• **Assignment**:
Since the pictures are not wanted, retype the listing below exactly and without them.

** Opening Exercise data block **

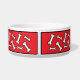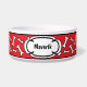 Cuenco divertido de la comida de perro con un modelo de los huesos de perro contra un fondo rojo brillante. Añada el nombre de su perro.
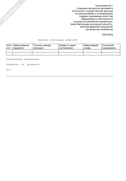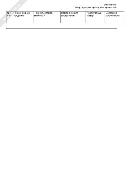- 454Перечень культурных ценностей (приложение к акту передачи культурных ценностей от одной организации к другой (обмене между организациями))
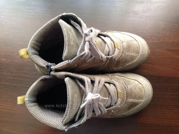 Детские полуботинки ECCO. Верх выполнен в сочетании из натуральной кожи и замши. Модель отлично держит форму, сбоку молния, объем регулируется шнуровкой. Текстильная подкладка впитывает лишнюю влагу, обеспечивая комфортный микроклимат. Стелька обеспечивает дополнительную амортизацию. Легкая гибкая комбинированная подошва. Размер 34, длинна стельки 22,5 смВнутри натуральный войлок, можно носить до -7

** Closing Exercise data block **

• **Exercise response**:
 Cuenco divertido de la comida de perro con un modelo de los huesos de perro contra un fondo rojo brillante. Añada el nombre de su perro.
- 454Перечень культурных ценностей (приложение к акту передачи культурных ценностей от одной организации к другой (обмене между организациями))
 Детские полуботинки ECCO. Верх выполнен в сочетании из натуральной кожи и замши. Модель отлично держит форму, сбоку молния, объем регулируется шнуровкой. Текстильная подкладка впитывает лишнюю влагу, обеспечивая комфортный микроклимат. Стелька обеспечивает дополнительную амортизацию. Легкая гибкая комбинированная подошва. Размер 34, длинна стельки 22,5 смВнутри натуральный войлок, можно носить до -7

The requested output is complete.